SUMMARY OF THE INVENTION

The purpose of the embodiments of the present application is to provide a modeling and simulation method for a ship piping system, which is used to improve the versatility of modeling and simulation of a ship piping system.

Another object of the embodiments of the present application is to provide a computer storage medium and a computer device for the above-mentioned method for modeling and simulation of a ship management system.

In a first aspect, a modeling and simulation method for a ship piping system is provided, including the following steps:

1) Establish a parametric model library for the ship piping system: The piping components in the ship piping system include pipelines and pipeline connectors, and a general piping component simulation model library is established as the basis for modeling and simulation; Each type of pipeline component in the pipeline component simulation model library is abstracted according to the one-dimensional flow characteristics, and mathematical modeling is carried out based on the physical process of the actual one-dimensional flow. Parametric model, the parametric model of each pipeline component forms a parametric model library, and each pipeline component forms a graphical module;

Establish the physical parameter form of the working fluid of the ship's pipeline system, and form the working substance's physical parameter library of the ship's pipeline system, so that the required working fluid and physical properties can be selected for the ship's pipeline system that needs to be modeled and simulated;

2) According to the connection relationship of the pipeline components in the actual ship pipeline system, connect on the basis of the graphical module formed in step 1), build a topology relationship diagram, and form a system simulation model of the ship pipeline system; establish connection components The parameter form of the connection relationship between them, the parameter form of the connection relationship includes the connection relationship parameters between the pipeline components and the transfer relationship parameters between the pipeline components;

3) According to the topological relationship diagram of the ship piping system formed in step 2), the input parameter form of the system simulation model is established, and the input parameter form includes structural parameters and initial parameters, so as to be able to parameterize the ship piping system. ;

4) Set the boundary parameters of the system simulation model in step 2) according to the properties of the ship's pipeline system, the boundary parameters include flow boundary and pressure boundary, the pressure boundary is used to transmit pressure parameters outward, and the flow boundary is used to transmit flow parameters outward;

5) Build and complete the system simulation model and carry out the simulation calculation of the dynamic characteristics of the ship piping system, and establish the simulation output parameter form, which includes the output parameters that change with time.

In a possible implementation scheme, in step 1), the working fluid of the ship's pipeline system includes water, oil, and air. Fuel, lubricating oil.

In a possible implementation scheme, in step 2), the topological relationship diagram includes connections between pipelines, and pipeline connectors are represented in the form of connection nodes, and the connection nodes are used to check the pipelines and pipelines that need to be connected. Whether the coordinates of the starting point are consistent.
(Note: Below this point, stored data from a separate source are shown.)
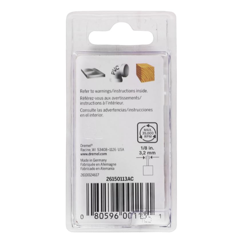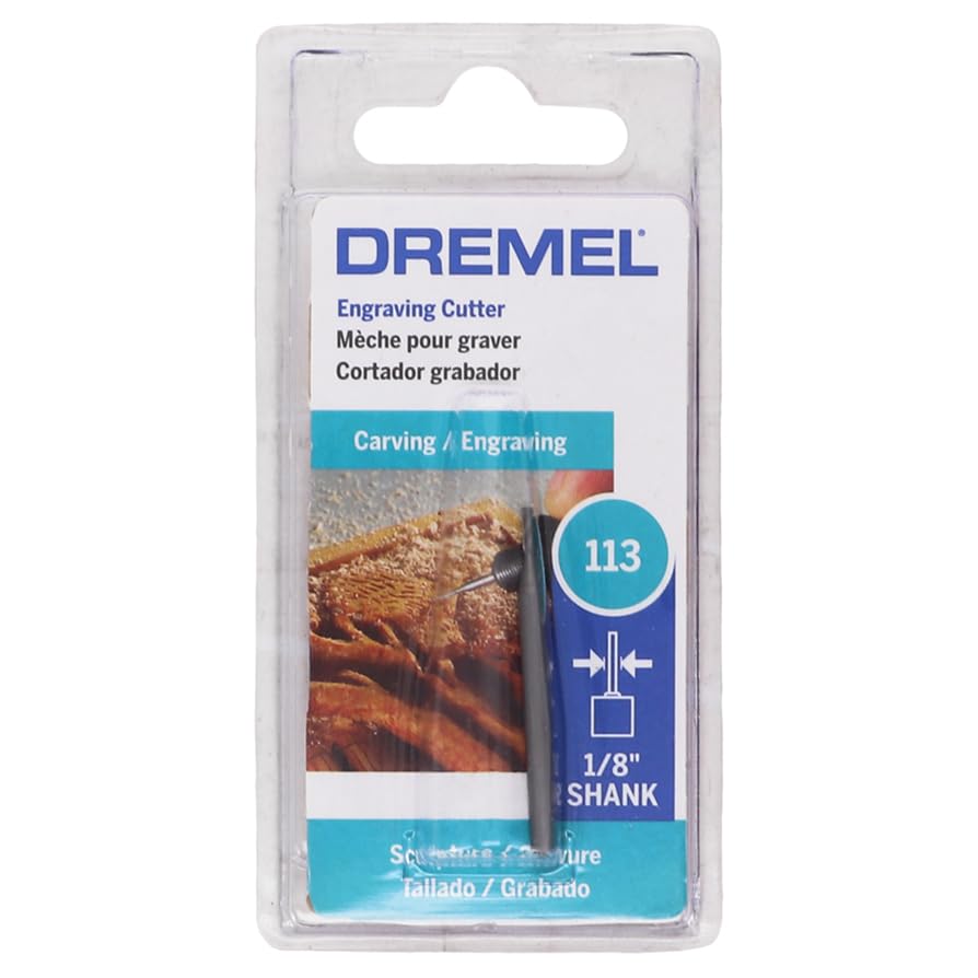 Product Description The versatile 1/16 In. (1.6 mm) diameter Engraving bit is made of high-grade steel for use on wood, plastic, leather, soft metals & rubber. For use with all Dremel high-speed rotary tools, the accessories work well for detailed material removal in applications like shaping, carving, engraving, hollowing, grooving, slotting, inlaying, making tapered holes, or freehand routing. The cylinder shape of the Engraving bit allows for deep removal of material, cuts flat areas, round edges and makes stop cuts and V-cuts. The accessory tip makes flat bottom slots and grooves, flat side cuts, and makes V-cuts when held at 45-degrees. From the Manufacturer A high-speed cutter designed for precision engraving, 3/32" (2,4mm) shank. Ideal for detail engraving, carving and routing in wood, fiberglass, ceramics, plastic, jewelry and soft metals.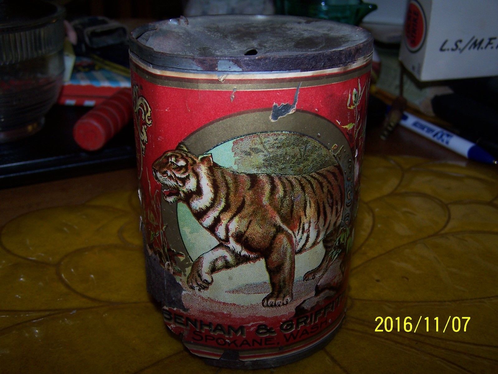 AMAZING OLD ORIGINAL SPOKANE WASHINGTON BENHAM GRIFFITH TIGRESS JUNE PEAS CAN!..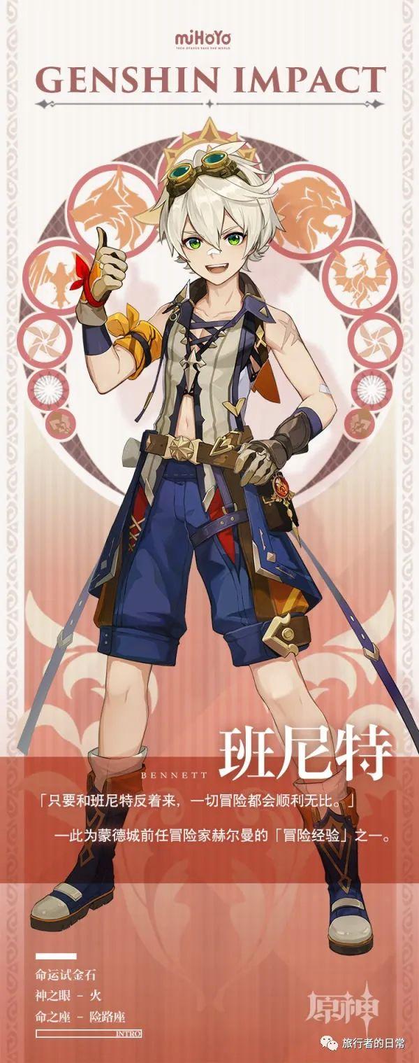 班尼特,定位为火系增伤,回复角色,当前版本回复位最强辅助,也是游戏中极少数四星同定位完全吊打五星的角色。对比已经十分强势的五星增幅角色琴,班尼特在当前绝大部分怪物具备的常规10%抗性面前对琴具备碾压级优势,在20%抗性怪物面前和琴在伯仲之间,抗性更高则琴会逐渐建立优势,班尼特这个角色为玩家抽到必练的角色。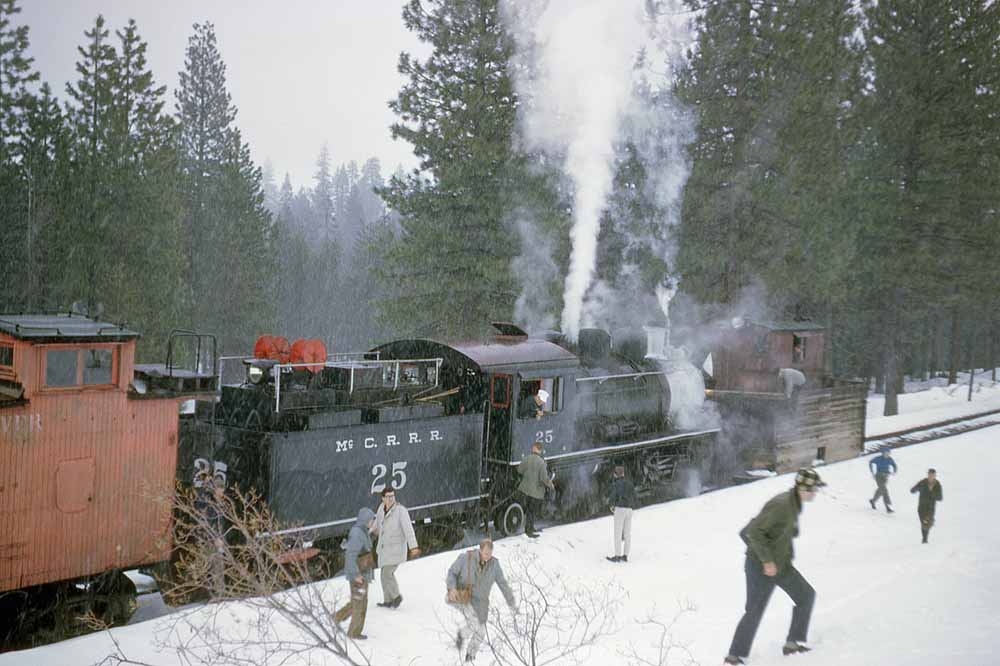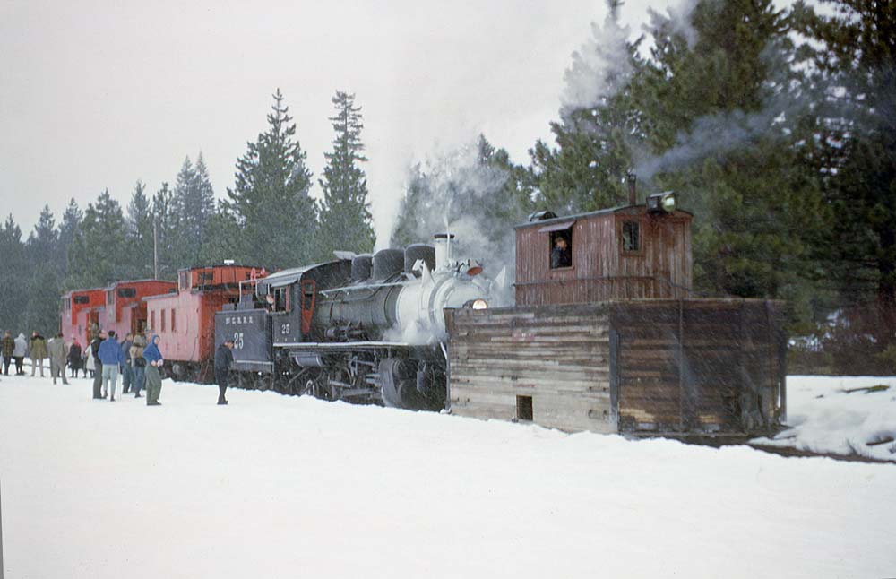 The Pacific Locomotive Association winter trip became one of the staples of McCloud River steam excursions in the last half of the 1960s and first half of the 1970s. The PLA varied the routing and consist from one year to the next so that photographers could get new pictures. The PLA winter trip operated every year from 1964 until 1975 save for three. In 1969 the club tried running the trip with the Baldwin diesels that were scheduled for retirement that spring, but low ticket sales forced the trip to be cancelled. Then, in 1970 the railroad planned for the #25 to be withdrawn from service after the end of the year, and though the change of heart gave the excursion program a new lease on life it came too late for a 1971 winter trip, and the locomotive was in the shop getting the boiler work during that the time of year the trip would have run anyway. Finally, no trip ran in 1974 due to a variety of mostly economic factors. This page contains a random selection of photos from some of the winter trips held between 1965 and 1970. |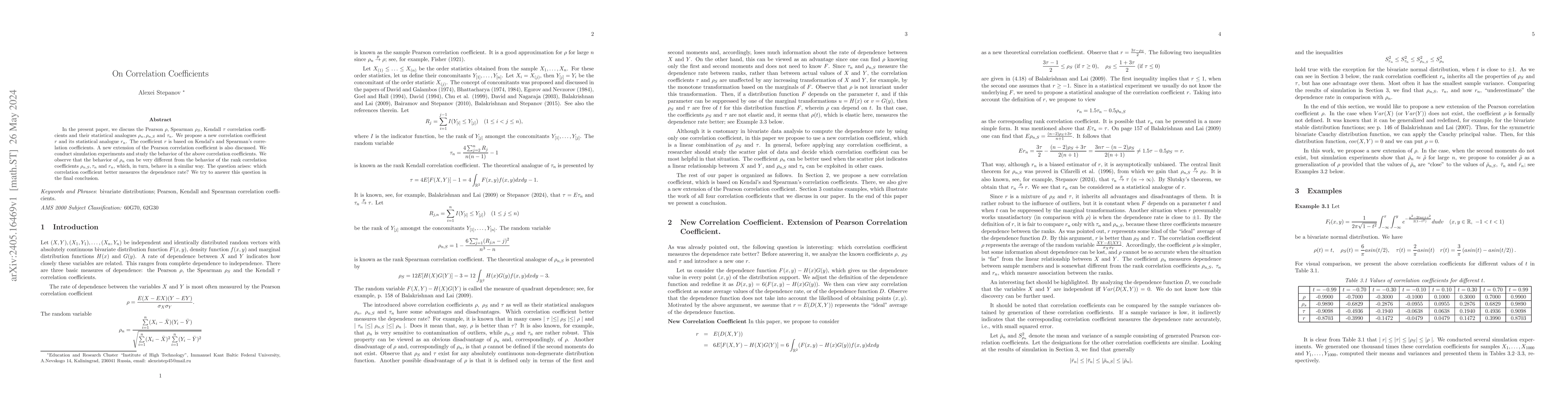 In the present paper, we discuss the Pearson, Spearman, Kendall correlation coefficients and their statistical analogues. We propose a new correlation coefficient r and its statistical analogue. The coefficient r is based on Kendal's and Spearman's correlation coefficients. A new extension of the Pearson correlation coefficient is also discussed. We conduct simulation experiments and study the behavior of the above correlation coefficients. We observe that the behavior of Pearson's sample correlation coefficient can be very different from the behavior of the rank correlation coefficients, which, in turn, behave in a similar way. The question arises: which correlation coefficient better measures the dependence rate? We try to answer this question in the final conclusion.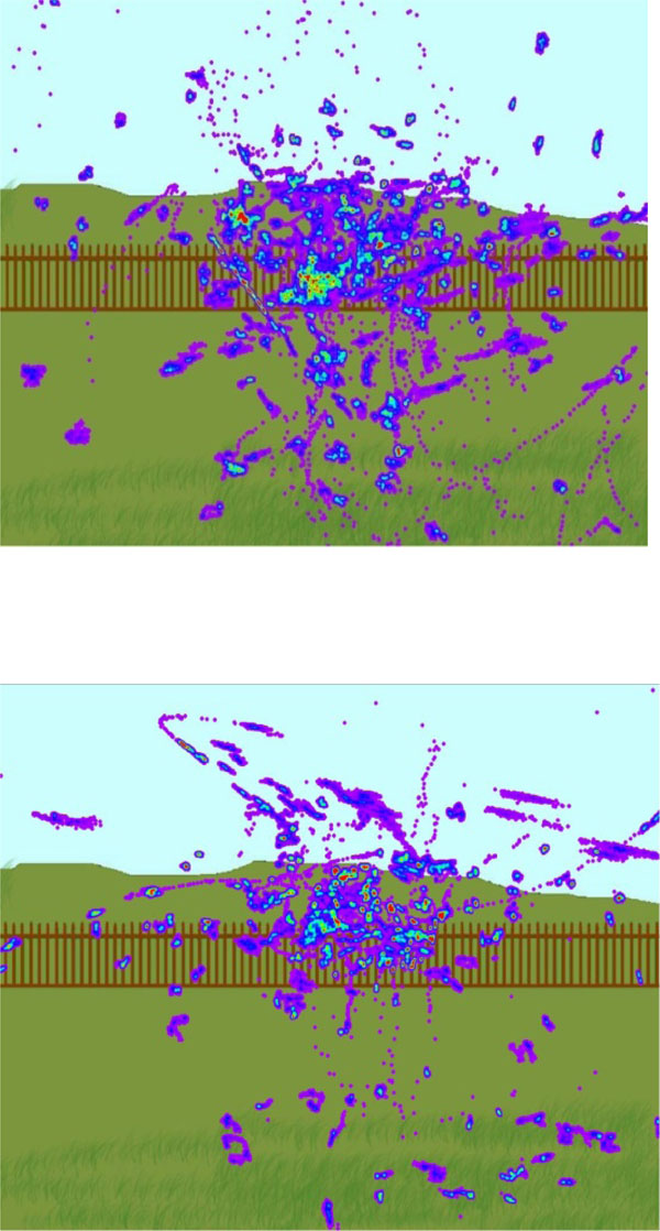 Eye movement data provide direct measurement of overt visual attention. Eye movement scan paths show time bound shifts in visual attention during the course of cognitive processing. Fig. (3) shows dispersion of visual attention to the AOI for the fictive motion condition for an example stimulus for ten subjects (upper panel). The lower panel shows the same measurements for the non fictive sentence for that stimulus. It is fairly evident from the scan path that subjects scanned the entire path area when they listened to the fictive motion sentence and allocated more visual attention while it is not the case with the literal sentences. These visualizations of deployment of overt visual attention are valuable in understanding how subjects look at a picture and where they look most.

In a possible implementation scheme, in step 2), a topological relationship diagram is constructed based on the three-dimensional spatial coordinates of the ship's pipeline system.

In a possible implementation scheme, in step 3), the structural parameters include diameter, wall thickness, roughness, and three-dimensional spatial coordinates, and the initial parameters include initial flow and initial pressure.

In a possible implementation scheme, the boundary parameters in step 4) also include an internal boundary, the internal boundary includes connection nodes between various pipelines, and the internal boundary is used to transmit the parameters required for the internal calculation of the ship's pipeline system.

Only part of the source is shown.